Right now, Doak said, EMC's relationship with Microsoft means that Karmanos has received better support for critical, high-performance and high-availability Microsoft applications, like Exchange and SQL Server 2005, if they are running on EMC systems. EMC's gear is also integrated with Active Directory on the institute's Windows servers so that there is a single authentication for managing both applications and storage. "I don't get any kind of finger-pointing between EMC and Microsoft," Doak said. (Sun supports Active Directory on Windows and Unix systems only; SAM-FS runs on a Solaris server.)
Meanwhile, however, EMC's system can't use the same software to track and restore data from both disk and tape the way SAM-FS can, Doak said. Furthermore, Karmanos is facing the biggest drawback to going with EMC gear currently: upgrade paths and data migration issues, he said. The institute would like to upgrade to EMC's latest model, the CX3-40, in order to add capacity to the storage area network (SAN), a process that will probably involve downtime and consume the better part of a weekend, Doak said, because it involves swapping out the main Clariion blade.

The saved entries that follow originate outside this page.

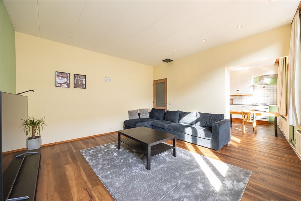 Op de eerste verdieping ontvouwt zich het hart van de woning: een open keuken met leefruimte van maar liefst ca.59 m². De keuken is hoogwaardig afgewerkt met een massief stenen werkblad, inductievuur, oven, microgolf, vaatwasser, glazen spatwand en overvloedige kastruimte. Alles sluit naadloos aan bij het maatwerk en de warme houtaccenten die doorheen de woning zijn doorgetrokken (renovatie van deze verdieping in 2021).  Aansluitend bevindt zich de zitruimte met kachel — open verbonden, maar toch gezellig afgescheiden.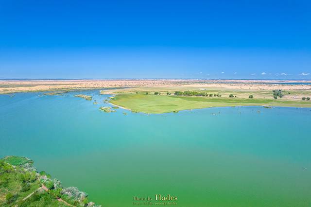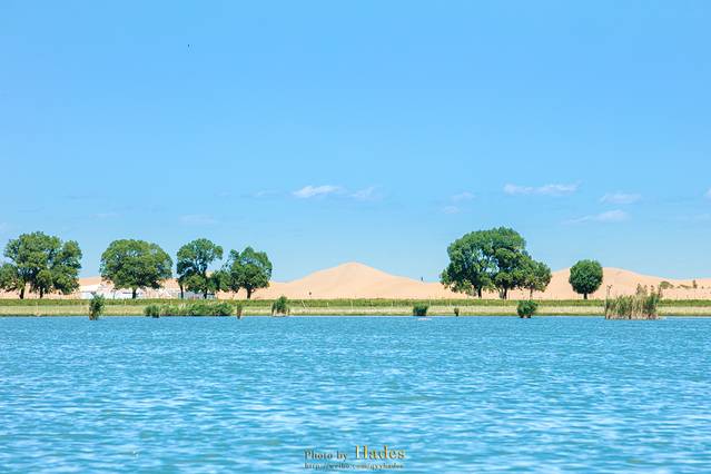 七星湖沙漠风景区位于绿洲之上,碧绿的湖水,美丽的草原,起伏的沙丘,蔚蓝的天空,远远望去,很有中东地区的异域之感。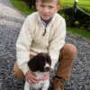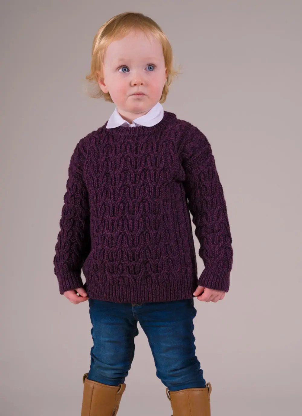 This Aran crew neck sweater is made with 100% Merino wool to keep your little one cozy and comfy. It is knit with traditional cable stitches which symbolize safety and good fortune.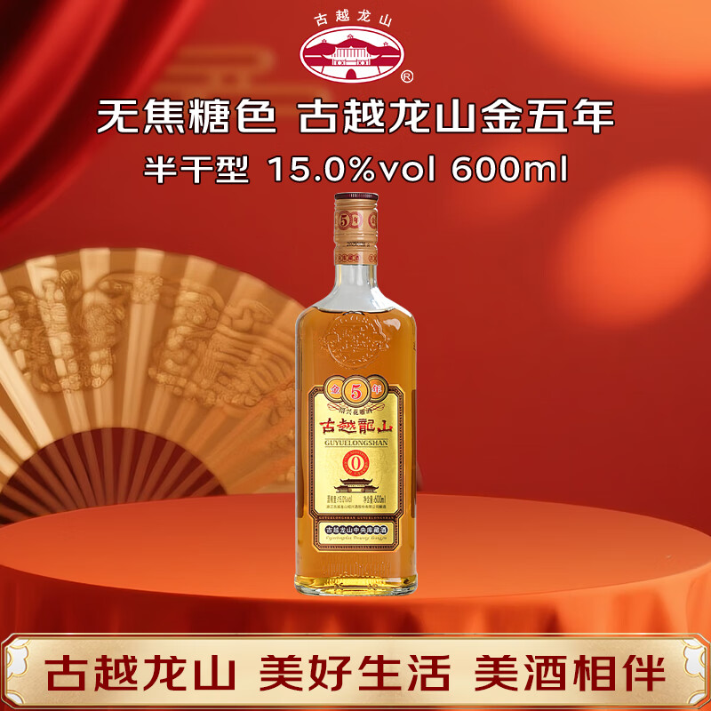 古越龙山 库藏金五年 半干型 绍兴黄酒 600ml 单瓶装 无焦糖色 年货送礼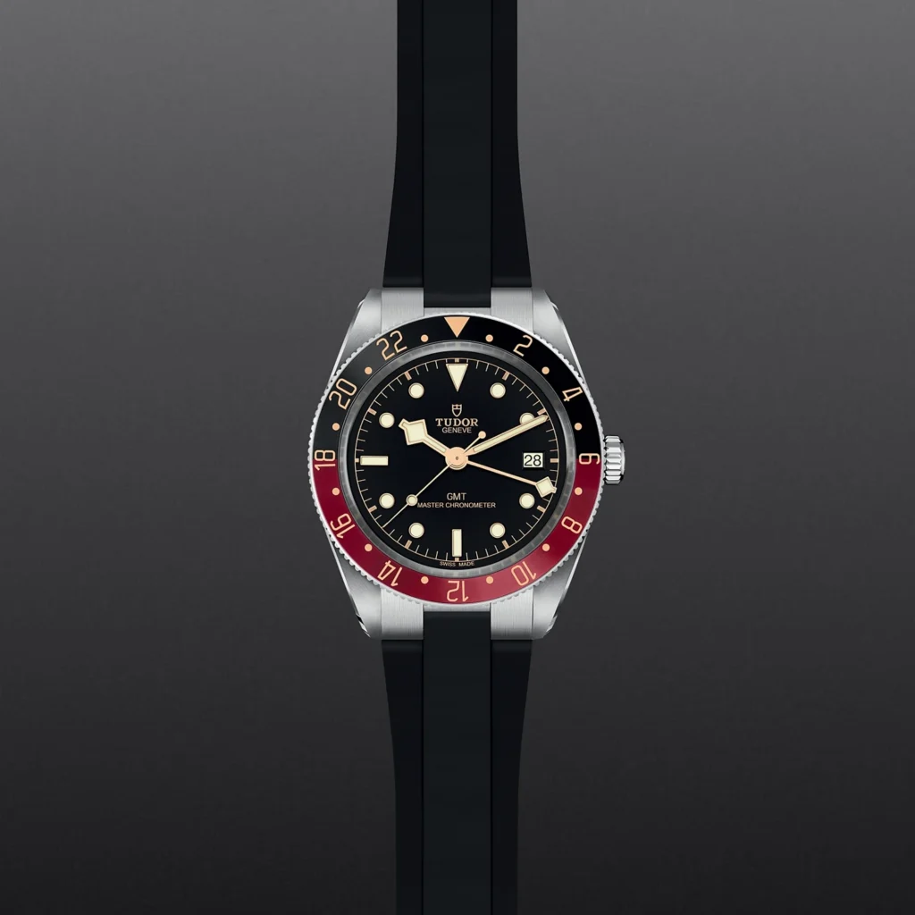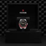 Caixa de 39 mm em aço, Bracelete em borracha, Estojo Caixa de 39 mm em aço inoxidável com acabamento polido e acetinado, Bezel Luneta giratória bidirecional de 24 horas em aço inoxidável com disco em alumínio anodizado bordeaux e preto, Calibre de Manufatura MT5450-U (certificação COSC e METAS) Movimento mecânico de corda automática com sistema de rotor bidirecional Função GMT integrada, Mostrador Preto, côncavo, marcadores de horas com apliques dourados, Coroa de rosca em aço inoxidável com a rosa TUDOR em relevo, Cristal Vidro de safira côncavo, Estanque até 200 m, Bracelete em borracha com fecho TUDOR “T-fit”, Tamanho Médio, Material Aço, Mostrador escuro.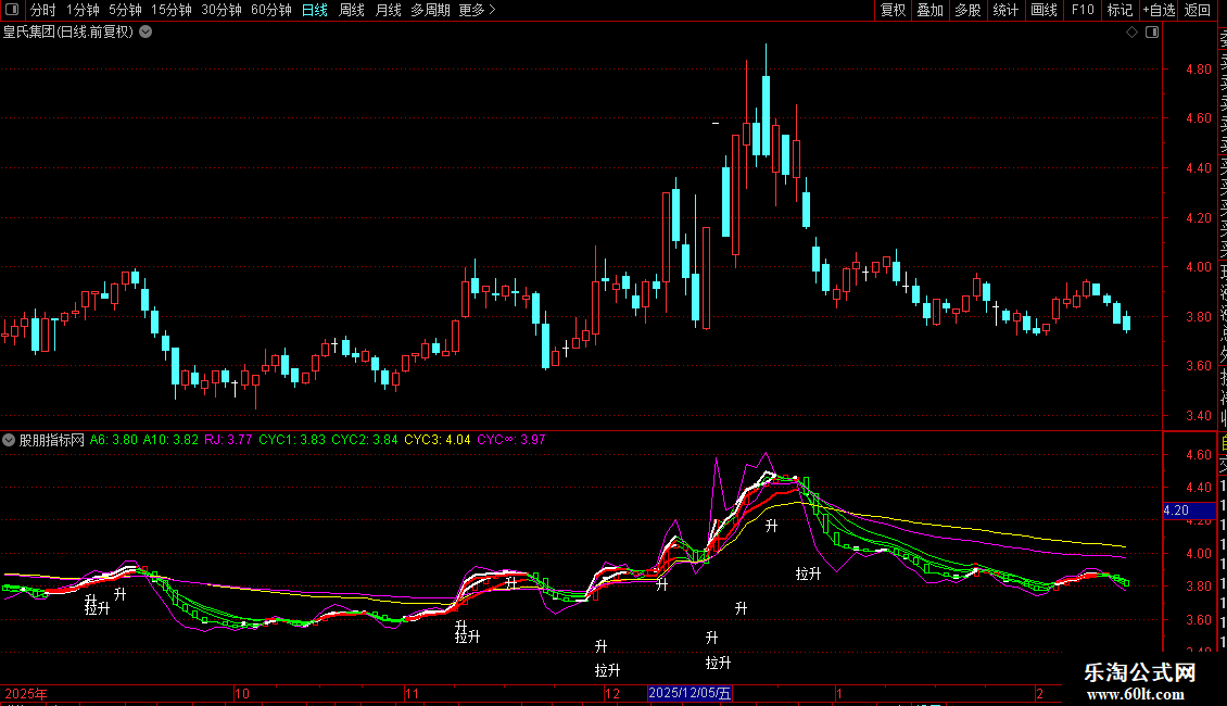 副图:用于观察股价与各条均线、成本均线的相对位置关系,以及“升”/“拉升”信号的出现,辅助判断趋势和入场时机。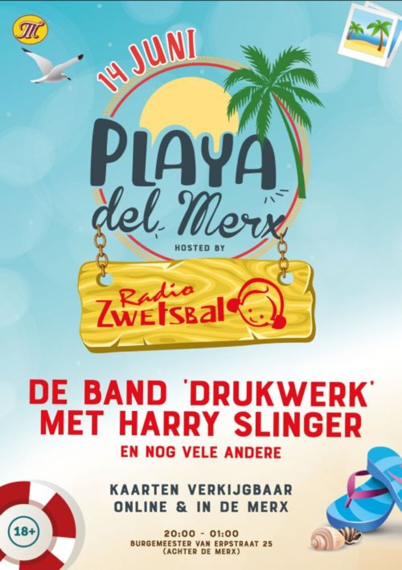 Zalencentrum De Merx organiseert samen met radio Zwetsbal de zomereditie van Playa del Merx op 14 juni 2025. Niemand minder dan de band Drukwerk treedt op bij Playa del Merx! De band komt anderhalf uur spelen met de 75-jarige Harry Slinger als frontman. Dat wordt een feestje! En nog

A similar update or addition of capacity within the Sun 5320 system, he said, could be accomplished without downtime, even if all the NAS heads in the cluster were to be swapped out, because SAM-FS would allow him to send data off to the SATA array, while the primary boxes were changed, and then repopulate the primary heads with simple changes to the software's migration policies.
Technically, he said, he could also use DiskXTender to send data to the Centera box if he wanted to update the Clariion or move to a Symmetrix, but it would be a much more cumbersome process, especially when it came to clearing out data that shouldn't be stored long term on the Centera after the migration was complete.
Support and pricing comparisons
When it comes to support, Doak said, Sun has been more "proactive -- they will come to me with ideas on how to accomplish my strategy at a lower cost." For example, suggesting the cheaper 5320 system over a more expensive SAN system Karmanos was originally evaluating. Meanwhile, however, Doak said he has found EMC's onsite technical staff more impressive in their skills.
"EMC has been very helpful with hands-on support," he said. "But from the sales side, it seems they're always trying to push me toward the highest end product."
However, Doak said he would also like a big vendor with clout, like EMC, behind him when he goes in to negotiate with PACS and other healthcare-specific software vendors. "Otherwise, those vendors will try to dictate the rest of our IT strategy for us," he said.
Meanwhile, Doak said Sun also has wider appeal because it has products on the server side, such as workstation terminal clients under Solaris, that he has been evaluating for other areas of the institute's IT environment. Pricing, he said, was also an area where Sun was a hands-down winner. Because of the institute's affiliation with Wayne State University, he said, Sun gave it educational institution pricing.
However, Doak pointed out, "we would also save quite a bit if we didn't have two different maintenance and support contracts." Some users keep two vendors in the environment to keep both honest, but Doak said that if he had a choice, he'd consolidate into a single-vendor environment with a single point of contact for purchasing and maintenance. "Having one vendor for everything would still be a dream."